● **Work instructions**:
In the entries below, find the line with "外運![]() | 樺沢真莉亜さんの外運は35画の4つ星!温厚な性格で感受性が高い。穏和な性格で人望が厚い。" and the line with "②主卧卫生间墙面向卧室内推,扩大了使用面积。"; reproduce those two lines and all lines between them exactly, without pictures.

● **Input**:
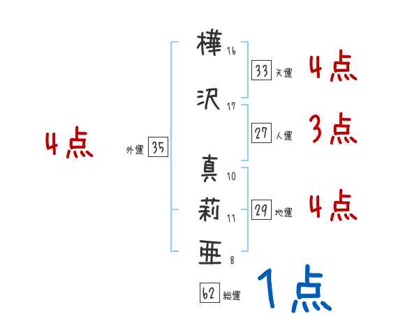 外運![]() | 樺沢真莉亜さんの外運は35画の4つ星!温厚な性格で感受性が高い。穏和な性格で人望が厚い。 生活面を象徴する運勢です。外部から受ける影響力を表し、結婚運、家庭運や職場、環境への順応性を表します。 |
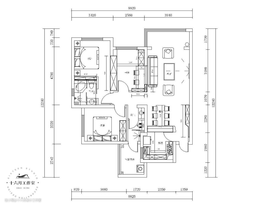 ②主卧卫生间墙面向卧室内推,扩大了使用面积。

...

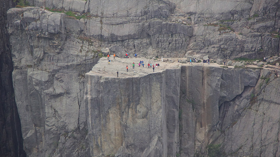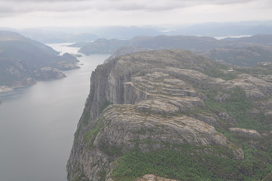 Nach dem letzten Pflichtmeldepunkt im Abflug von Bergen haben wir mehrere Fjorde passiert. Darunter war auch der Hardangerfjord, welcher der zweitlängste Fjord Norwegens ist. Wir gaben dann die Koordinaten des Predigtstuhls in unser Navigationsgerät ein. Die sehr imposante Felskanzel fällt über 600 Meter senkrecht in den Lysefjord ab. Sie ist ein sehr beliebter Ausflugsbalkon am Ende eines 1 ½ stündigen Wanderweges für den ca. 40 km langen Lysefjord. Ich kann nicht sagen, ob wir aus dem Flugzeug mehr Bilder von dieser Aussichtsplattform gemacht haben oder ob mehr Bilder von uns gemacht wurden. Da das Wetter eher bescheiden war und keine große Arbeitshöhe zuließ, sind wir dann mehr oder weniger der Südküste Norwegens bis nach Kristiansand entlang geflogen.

==

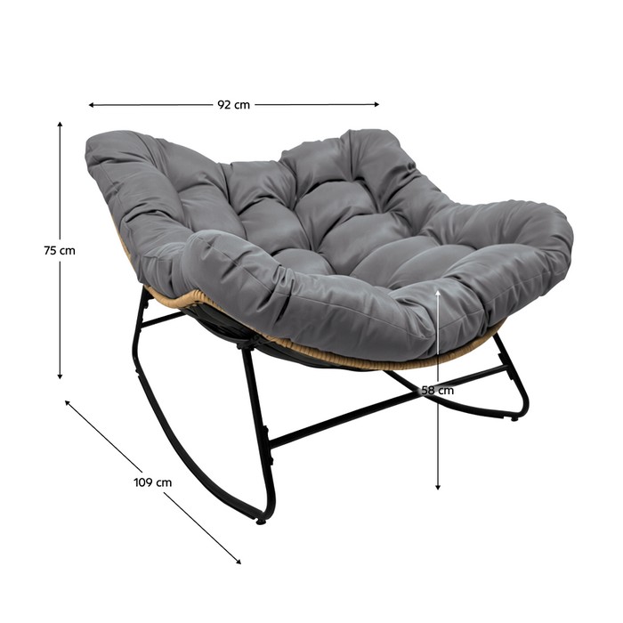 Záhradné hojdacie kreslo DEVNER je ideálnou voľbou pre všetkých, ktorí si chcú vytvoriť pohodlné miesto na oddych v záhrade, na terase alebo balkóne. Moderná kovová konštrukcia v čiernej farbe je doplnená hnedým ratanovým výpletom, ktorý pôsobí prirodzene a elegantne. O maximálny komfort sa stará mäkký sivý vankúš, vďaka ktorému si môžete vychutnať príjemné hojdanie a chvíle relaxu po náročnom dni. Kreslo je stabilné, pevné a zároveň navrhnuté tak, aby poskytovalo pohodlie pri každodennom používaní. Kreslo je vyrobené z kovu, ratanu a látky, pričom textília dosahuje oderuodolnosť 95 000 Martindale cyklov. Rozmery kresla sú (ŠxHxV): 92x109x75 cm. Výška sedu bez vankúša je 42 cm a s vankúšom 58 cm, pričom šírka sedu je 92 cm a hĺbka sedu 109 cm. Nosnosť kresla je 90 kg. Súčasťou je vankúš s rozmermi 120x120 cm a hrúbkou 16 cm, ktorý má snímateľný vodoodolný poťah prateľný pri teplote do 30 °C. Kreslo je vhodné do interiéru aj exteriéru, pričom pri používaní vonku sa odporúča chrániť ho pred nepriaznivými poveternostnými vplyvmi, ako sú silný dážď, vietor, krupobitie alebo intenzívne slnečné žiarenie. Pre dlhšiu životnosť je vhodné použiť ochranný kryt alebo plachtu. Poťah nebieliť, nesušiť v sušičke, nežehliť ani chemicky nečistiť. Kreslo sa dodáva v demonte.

● **Solution to this task**:
 外運![]() | 樺沢真莉亜さんの外運は35画の4つ星!温厚な性格で感受性が高い。穏和な性格で人望が厚い。 生活面を象徴する運勢です。外部から受ける影響力を表し、結婚運、家庭運や職場、環境への順応性を表します。 |
 ②主卧卫生间墙面向卧室内推,扩大了使用面积。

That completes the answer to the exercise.